Home Health & Hospice

Weekly Roundup

Homecare Insider, August 15, 2016

Is there a doctor near the house? Probably not   


The U.S. lacks the medical personnel to make house calls to the estimated 2 to 4 four million people who need them, according to a study published last week in Health Affairs. Researchers combed through two years' worth of Medicare data, combined it with U.S. Government Census information, and concluded that more than half of Americans live more than 30 miles away from full-time providers of home-based medical care.

Home health agencies limit how far doctors, nurses, physician assistants or other primary care providers can travel, but 53% of the U.S. population lives more than 30 miles from a homecare provider organization, the study found. Of the primary care physicians who made home visits to traditional Medicare beneficiaries, 9% of providers made 44% of the house calls—at least 1,000 visits annually.


Medicare is expected to grow at more than 7% in the coming decade, to become a $1.075 trillion program by 2026, and savings from improved home-based care could be significant, the researchers noted. Of the $632 billion Medicare spent in 2015, 23% went to hospital inpatient services and a slim 3% went to home health.


The healthcare system needs to expand the ways it gets care to these homebound patients, many of whom suffer from chronic diseases, the researchers concluded. 


Source: Modern Healthcare

Survey finds likely beneficiaries of home health don’t like pre-claim review


Know who else doesn’t like the pre-claim review?

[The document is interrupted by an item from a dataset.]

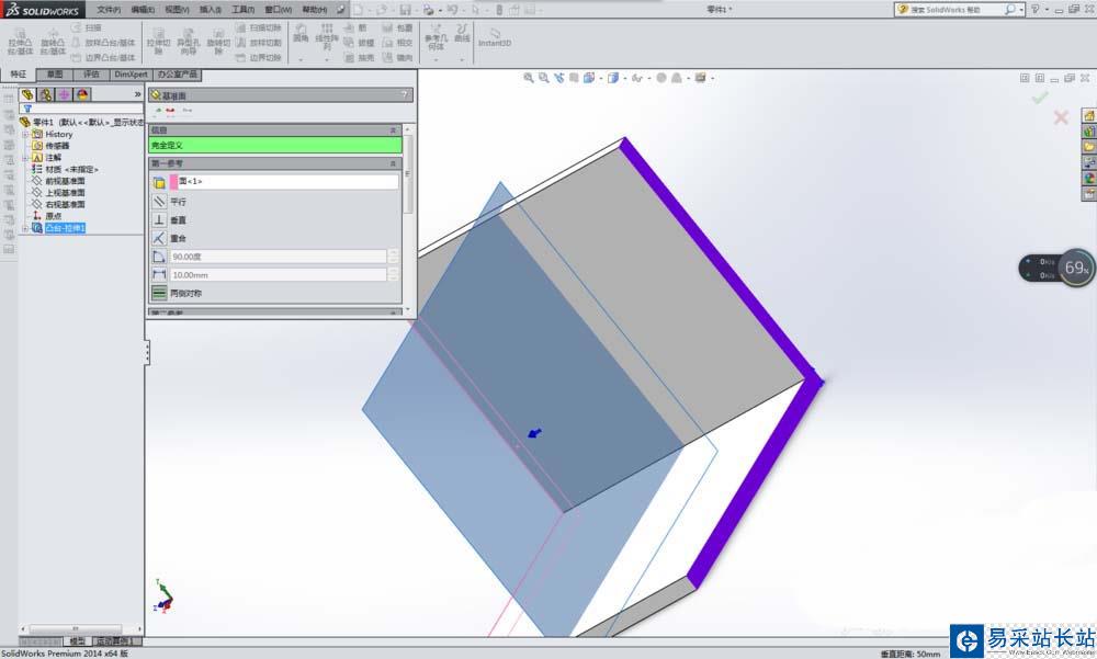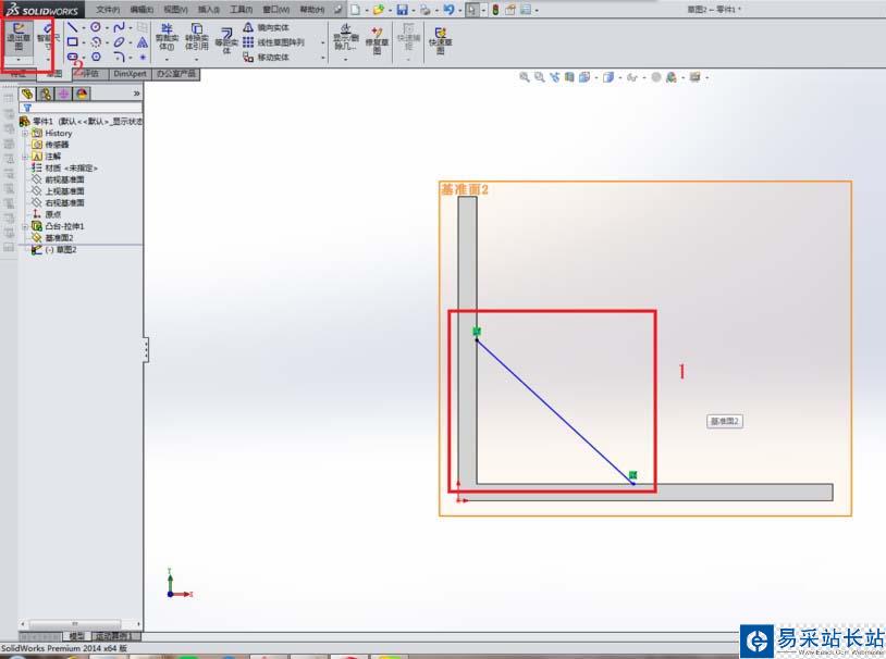 5、點√,一個新的基準面就創建完畢了。如下圖所示。解釋一下,下圖中的是基準面2,那是因為筆者操作太快,創建基準面1的時候忘了截圖,所以重新來過一遍,就成了基準面2了。

More than 1,900 senior citizens, according to poll data from Bring Home the Vote, which describes itself as a nationwide initiative that surveys seniors on a wide range of issues. 


In a recent survey, 80% of respondents said patients who need prompt health services would face delays in care If the federal government required home health agencies to get approval from a government contractor to provide that care. Approximately 77% of respondents said this requirement was likely or very likely to raise the overall cost of care as well as the cost of Medicare.


However, 45% of respondents also said requiring HHAs to get approval from a government contractor for providing care to patients would be somewhat likely or very likely to reduce fraudulent homecare claims. This edged out the percentage who thought it was not very likely or not likely at all to reduce fraudulent claims.


Source: Bring The Vote Home

Illinois Gov. suspends homecare overtime restriction


Illinois Governor Bruce Rauner last week suspended a state policy that restricted overtime hours for homecare workers, just before an industry union filed a class action lawsuit challenging the policy. The Illinois Department of Human Services implemented the overtime restriction in May, mandating that homecare workers in Illinois’ Home Services program could not work more than 35 hours per week with five more hours allowed for travel. Workers could only work more than 40 hours total for the week under certain, qualified conditions.


Rauner’s suspension suspends the policy.


The overtime limits reportedly saved the state more than $5 million since the policy took effect, but agencies and Service Employees International Union (SEIU) Healthcare Illinois criticized the policy as burdensome to patients and unfair to workers. Patients were forced to hire additional help if they required more than 40 hours of care per week, according to policy opponents.


The suspension is a temporary victory, the SEIU stated on its website. The state’s Department of Human Services still plans to submit the policy for public comment. Rauner recently vetoed a bill to increase the minimum wage for homecare workers to $15 per hour.